### Records provided ###
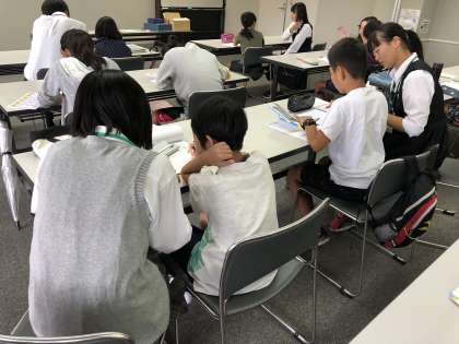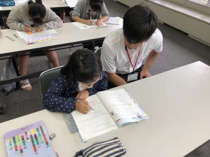 そして,近隣の高校生ボランティアと大学生サポーターが子どもたちの質問に答えたり一緒に考えたりしながら学習支援を行っています。ほかにも,元教員サポーターなどみなさんに支えていただきながら,本事業を進めることができています。ありがとうございます。
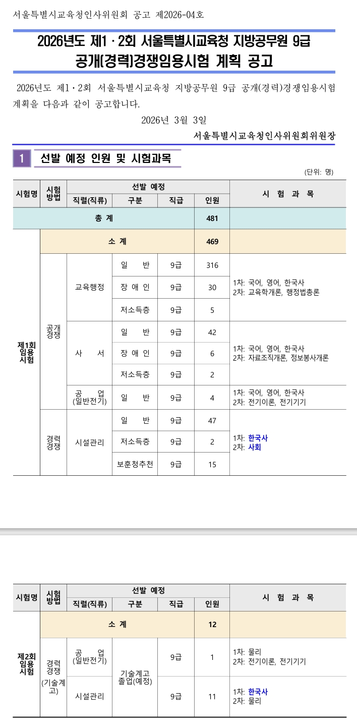 2026³âµµ Á¦1¡¤2ȸ ¼­¿ïƯº°½Ã±³À°Ã» Áö¹æ°ø¹«¿ø 9±Þ °ø°³(°æ·Â)°æÀïÀÓ¿ë½ÃÇè °èȹ °ø°í
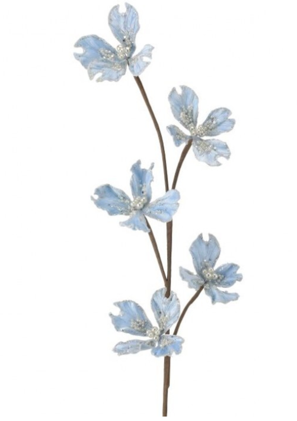 36" Glitter Dogwood Spray Light Blue
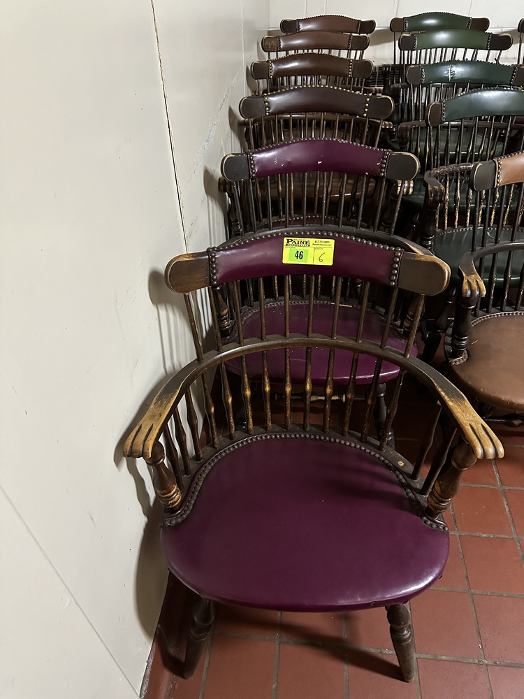 (6) BowBack Windsor Armchairs Upholstred Seats And Brass Tack Decoration.
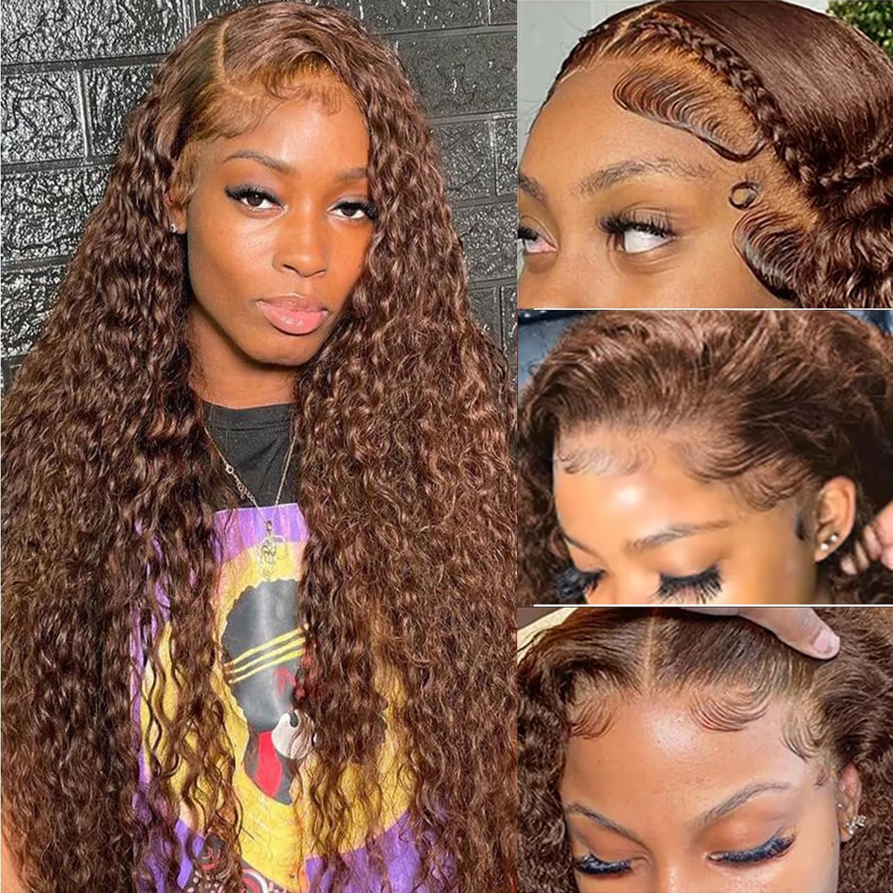 30 Inch Chocolate Brown Deep Wave Lace Front Wigs Human Hair 13x6 Hd Curly Lace Frontal Wigs for Black Women Pre Plucked Wet and Wavy Glueless 4# Brown Color
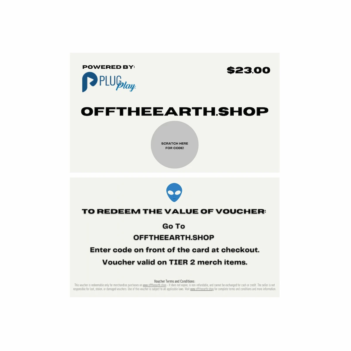 Unleash your shopping spree with Off the Earth Coupon Vouchers! Redeem these cards at OFFTHEEARTH.SHOP on a selection of unique accessories. Off the Earth offers a handpicked collection that’s out of this world. Perfect for gifting or treating yourself to something truly extraordinary! ✨ Ready to explore? The adventure starts now with your Off the Earth Voucher 🌎🛍 **NOT REDEEMABLE ON FROMTHEEARTH.COM** ***THIS VOUCHER SI REDEEMABLE ONLY FOR MERCHANDISE PURCHASES ON WWW.OFFTHEEARTH.SHOP - IT DOES NOT EXPIRE, IS NON-REFUNDABLE, AND CONOT BE EXCHANGED FOR CASH OR CREDIT. THE SELLER IS NOT RESPONSIBLE FOR LOST, STOLEN, OR DAMAGED VOUCHERS. USE OF THIS VOUCHER IS SUBJECT TO ALL APPLICABLE LAWS. VISIT WWW.OFFTHEEARTH.SHOP FOR COMPLETE TERMS AND CONDITIONS AND MORE INFORMATION***
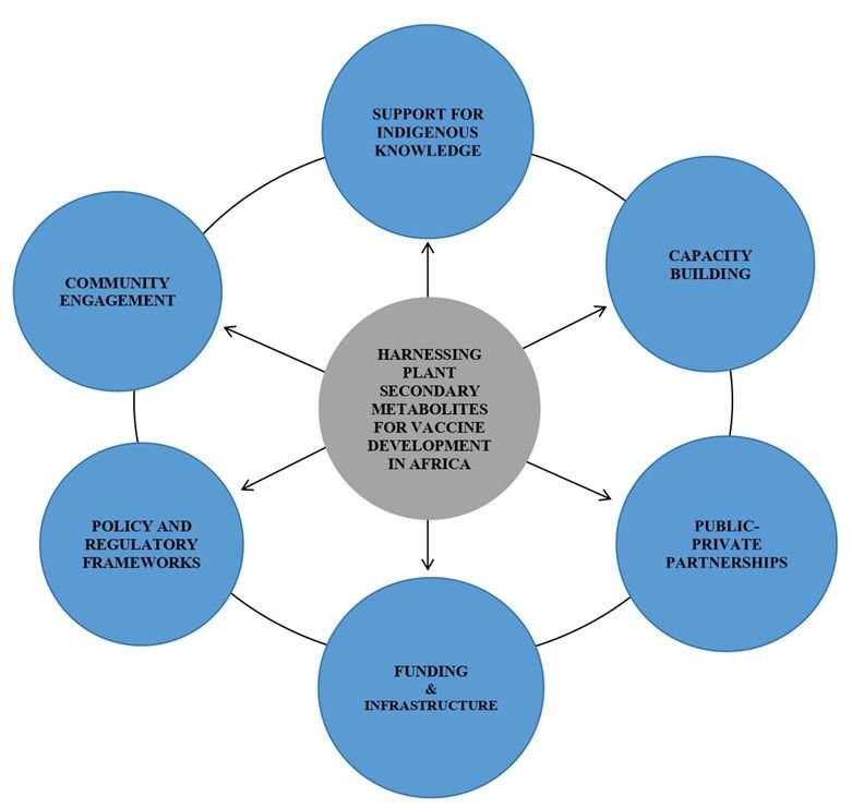 To ensure sustainability and stimulate innovation, public-private partnerships (PPPs) are essential (97). Strategic partnerships among academic institutions, research centers, pharmaceutical companies, and traditional medicine practitioners can improve knowledge sharing, technology transfer, and market integration (98). Educational institutions provide training and research proficiency, but industry involvement presents production scale and regulatory navigation opportunities. Collaborations with traditional practitioners at the community level foster trust and facilitate culturally sensitive implementation. PPPs can establish a sustainable framework for vaccine development in Africa by aligning public health priorities with indigenous knowledge systems and private sector innovation. By fortifying health systems and promoting scientific autonomy, these policy measures and capacity-building endeavors will enable African nations to use their biodiversity to develop innovative vaccines. A conceptual framework is shown in Figure 3 to allow the harnessing of PSMs for vaccine development in Africa; capacity building, community engagement, public-private partnerships, and improvement of policy and regulatory frameworks should be included.
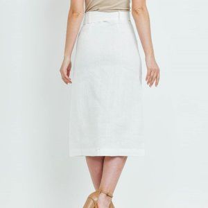 Belted Linen Button Skirt off white
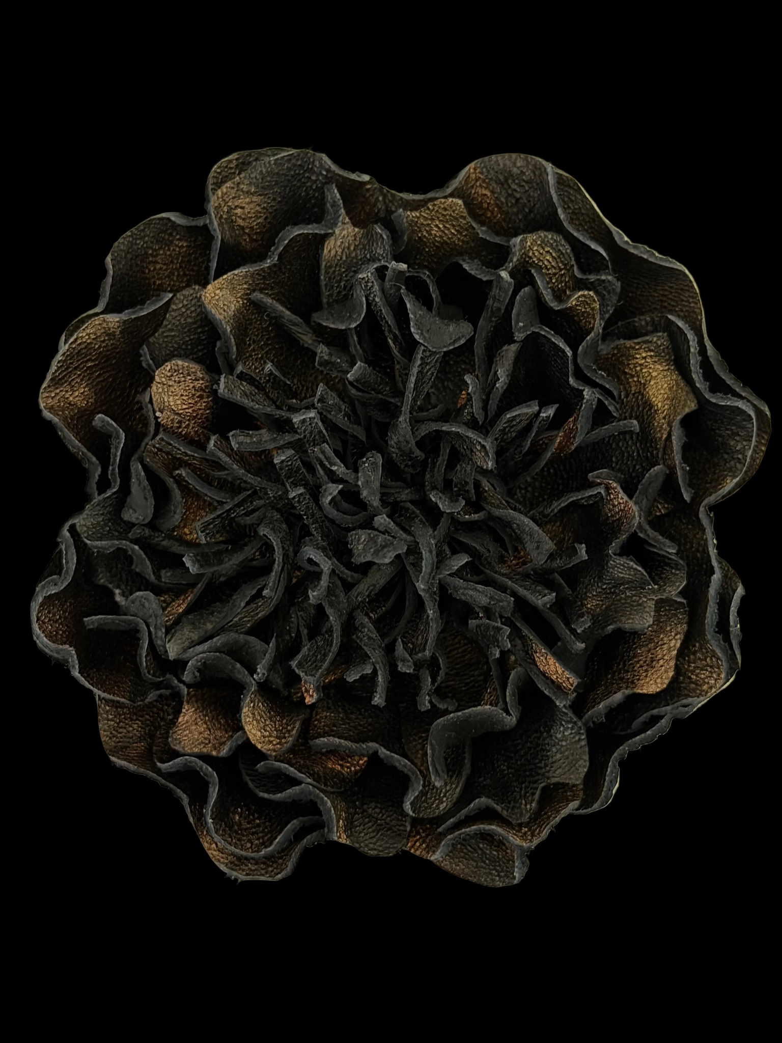 This luxurious black leather peony is hand-shaped petal by petal and finished with a subtle gold sheen, creating a dramatic contrast of depth and light. Each piece is one of a kind, designed to bring elegance, strength, and timeless beauty to your look.
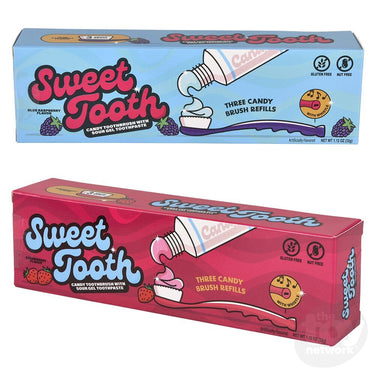 This Sweet Tooth candy takes a sour gel toothpaste and candied toothbrush head for a fun snack. Comes with a whistle.
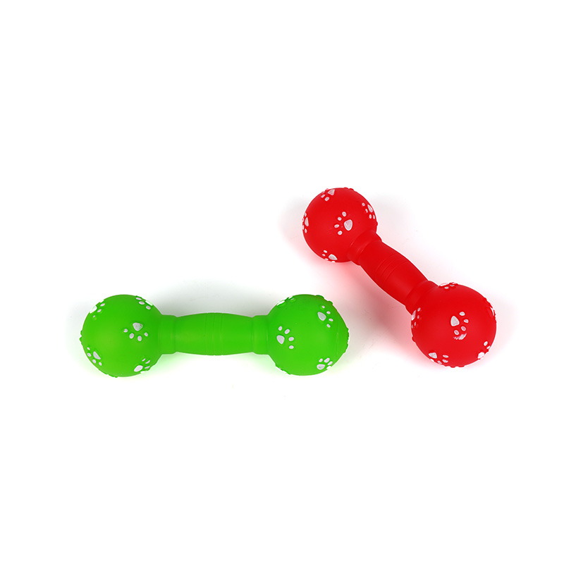 Introducing our vibrant addition to the Pet Toy Series - the Dumbbell Toy! Crafted with a fusion of red and bright green hues, this toy boasts an eye-catching design that is sure to captivate both pets and their owners. With adorable dog paw prints adorning each end, it's not just a toy, but a statement piece that adds a dash of color and fun to your furry friend's playtime.
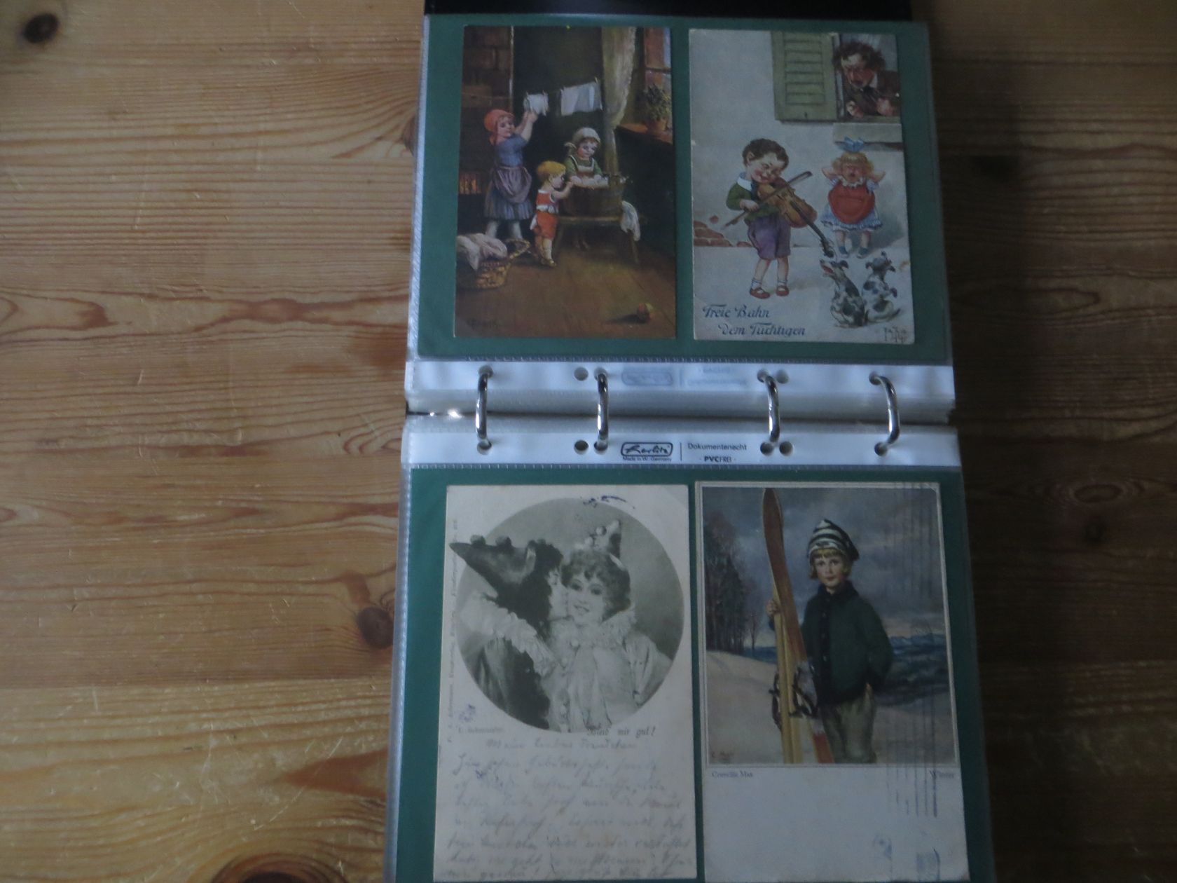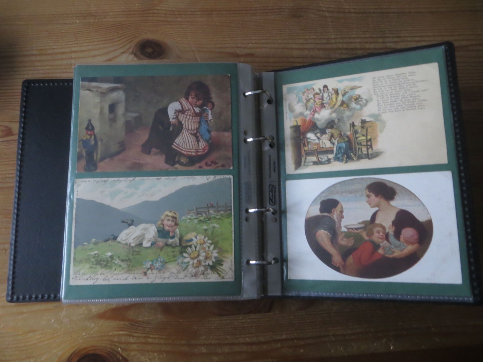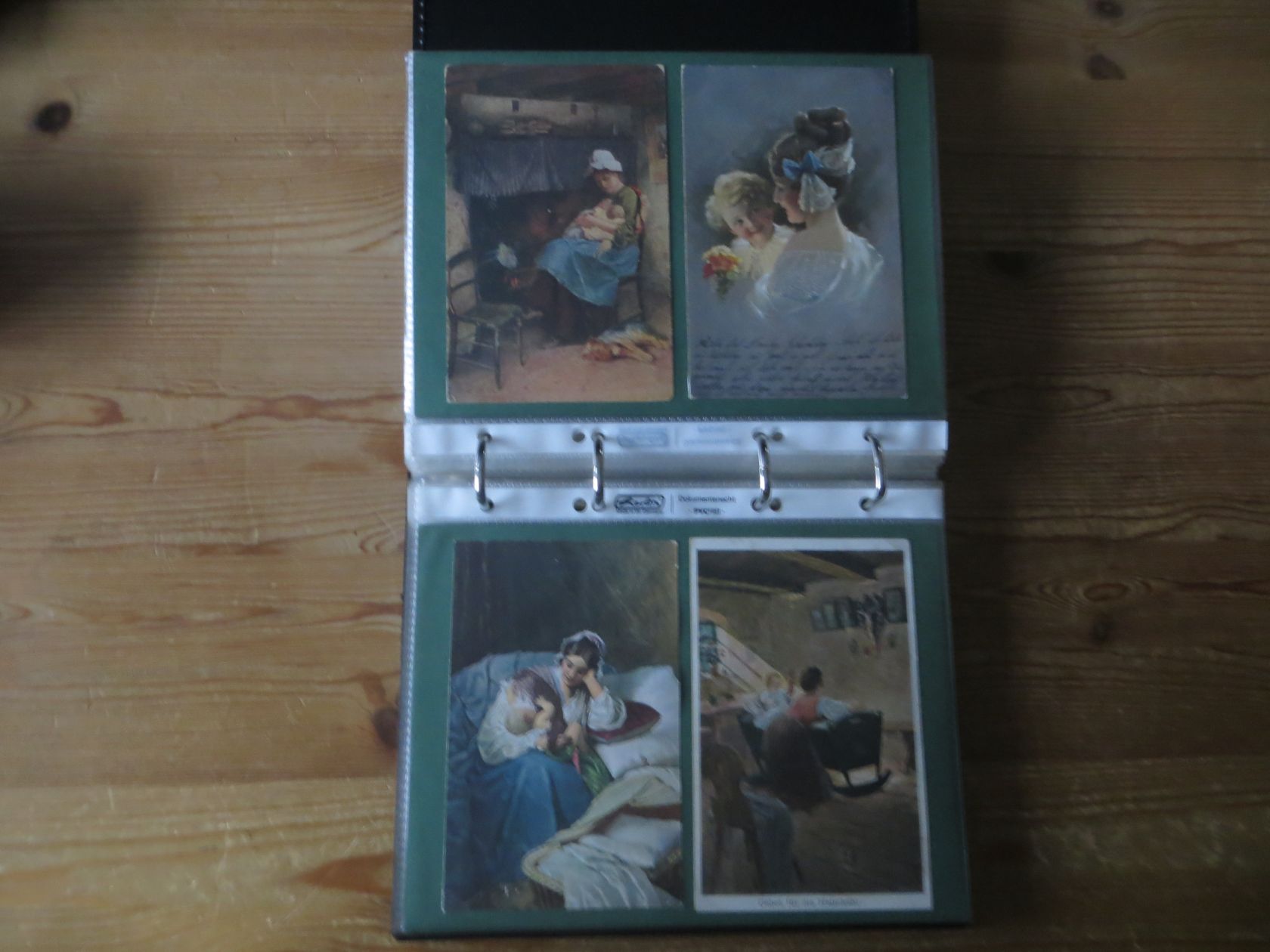 dabei inter. Künstler AK, viel zur Jugendstil - Zeit. Ein Los der besonderen Art, abseits von dem Massenkarten die man sonst zum Thema meist findet. Alles gute Gesamterhaltung und der Sammler hat die Karten sehr sauber mit Fotoecken auf farbigen Karton angelegt. Ein wirklich tolles Objekt! Und wie meist bei uns ohne Entnahmen angeboten!
###
What is expected – Would you reproduce, exactly and with nothing added, every line from the beginning of the entries above through the line that contains "Unleash your shopping", both included, leaving out the pictures?

Output of the exercise –
 そして,近隣の高校生ボランティアと大学生サポーターが子どもたちの質問に答えたり一緒に考えたりしながら学習支援を行っています。ほかにも,元教員サポーターなどみなさんに支えていただきながら,本事業を進めることができています。ありがとうございます。
 2026³âµµ Á¦1¡¤2ȸ ¼­¿ïƯº°½Ã±³À°Ã» Áö¹æ°ø¹«¿ø 9±Þ °ø°³(°æ·Â)°æÀïÀÓ¿ë½ÃÇè °èȹ °ø°í
 36" Glitter Dogwood Spray Light Blue
 (6) BowBack Windsor Armchairs Upholstred Seats And Brass Tack Decoration.
 30 Inch Chocolate Brown Deep Wave Lace Front Wigs Human Hair 13x6 Hd Curly Lace Frontal Wigs for Black Women Pre Plucked Wet and Wavy Glueless 4# Brown Color
 Unleash your shopping spree with Off the Earth Coupon Vouchers! Redeem these cards at OFFTHEEARTH.SHOP on a selection of unique accessories. Off the Earth offers a handpicked collection that’s out of this world. Perfect for gifting or treating yourself to something truly extraordinary! ✨ Ready to explore? The adventure starts now with your Off the Earth Voucher 🌎🛍 **NOT REDEEMABLE ON FROMTHEEARTH.COM** ***THIS VOUCHER SI REDEEMABLE ONLY FOR MERCHANDISE PURCHASES ON WWW.OFFTHEEARTH.SHOP - IT DOES NOT EXPIRE, IS NON-REFUNDABLE, AND CONOT BE EXCHANGED FOR CASH OR CREDIT. THE SELLER IS NOT RESPONSIBLE FOR LOST, STOLEN, OR DAMAGED VOUCHERS. USE OF THIS VOUCHER IS SUBJECT TO ALL APPLICABLE LAWS. VISIT WWW.OFFTHEEARTH.SHOP FOR COMPLETE TERMS AND CONDITIONS AND MORE INFORMATION***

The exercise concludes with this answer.